Re:A little factoid for you by AstroDrabb · 2005-01-18 15:49 · Score: 5, Informative

A little factoid for you
Where did you get your facts from? You are way off champ or should I say troll?
While FreeBSD is a great OS/kernel, it doesn't scale as well as Linux, end of story.
Until you start talking about double that amount of procs, which is what Windows Server does these days
Huh? What smoke are you craking? Here is the comparison of MS's latest and greatest Windows 2003 server editions
Web Edition supports up to 2-way.
Standard Edition supports up to 4-way.
Enterprise Edition supports up to 8-way.
Datacenter Edition supports up to 64-way.
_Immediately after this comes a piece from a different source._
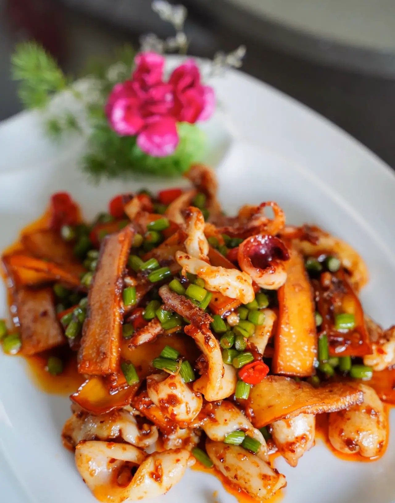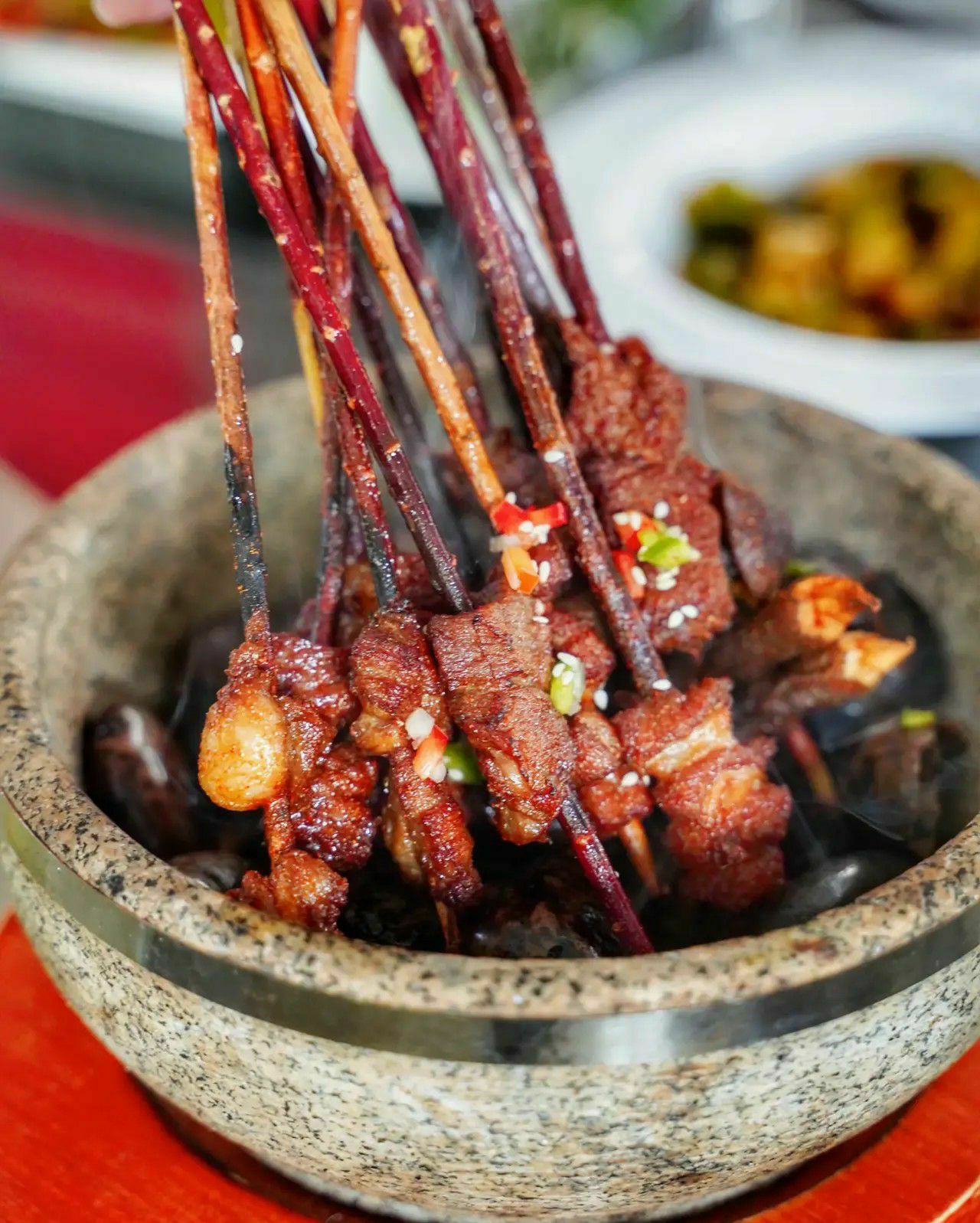 烤榴莲 用来当餐前水果也是够特别!选用金枕榴莲慢慢烤制而成,烧烤过的榴莲和你生吃榴莲不一样,即便是不喜欢的人也可能会爱上哦~对于我来说只要是榴莲都是我的爱,交给我我会把它全部消灭掉哦! 鳗鱼煲仔饭 煲仔饭一直都是我最爱的主食之一,粒粒分明的五常大米,肥美厚实的鳗鱼,可口的火腿粒和菜心碎汇聚一锅加入秘制酱汁,热气腾腾的吃起来真是超级满足。 一顿乱炒 名字虽叫乱炒但口味可不含糊,三层肉、猪肝和肥肠加泡椒爆炒,味道很家常口味很地道。 仔姜烧椒炒脆鳝 柔嫩又富有油脂的鳝鱼处理的完全无刺,嫩口的仔姜给味蕾带来一丝辣感,和豆豉的咸鲜交织在一起吃到停不下来。 石锅南瓜焖鲜鲍 Q弹爽口的鲍鱼仔和绵密香甜的日本金瓜,咸香交织滑爽入味,超级下饭。 酱爆小管鱿鱼 小管(鱿鱼)是闽南人很喜欢吃的一种海鲜,肉质脆弹鲜甜嫩口,搭配鸡腿菇和蒜薹一同炒制,入口香脆可口酱香气十足。 串烧安格斯牛肉 红柳枝上串着肥美的安格斯牛肉,烤的外焦里嫩的,配肉质细嫩肥厚鲜香的鸡枞菌不仅口感脆嫩也很有营养。 仔姜小管烧菜蟹 除了川菜还有海鲜类,脆爽的小管配细嫩的菜蟹,粉丝入味Q弹,爱海鲜的不要错过。 蒜泥白肉 店内长盛不衰的经典菜,多年来无论猪肉怎么涨这道菜都没涨过哦,肥美多汁的五花肉,蘸着蒜泥酱汁送入口,蒜香浓郁,咸辣鲜香,底下铺着一层青瓜清爽解腻。

So, umm where is this double of what Linux supports? Plain vanilla Linux 2.6 can do 64-way no problem. Actually, SGI has had single image 128-way Linux system out for a while. They should have 256-way, single image Linux system out soon. That is more then MS can even touch. Maybe do some research before you just shoot off FUD.

--
If Tyranny and Oppression come to this land,
it will be in the guise of fighting a foreign enemy. -James Madison
Re:A little factoid for you by tetromino · 2005-01-18 15:51 · Score: 3, Informative

If it can scale to 16 procs well, it will scale to 64 procs well.
Until you start talking about double that amount of procs, which is what Windows Server does these days

Wrong. Windows Server 2003 supports a maximum of only 64 processors, and I believe it was significantly tested only on 32-way and smaller machines.
Re:A little factoid for you by AstroDrabb · 2005-01-18 16:02 · Score: 4, Informative

This is where reading TFM whould help.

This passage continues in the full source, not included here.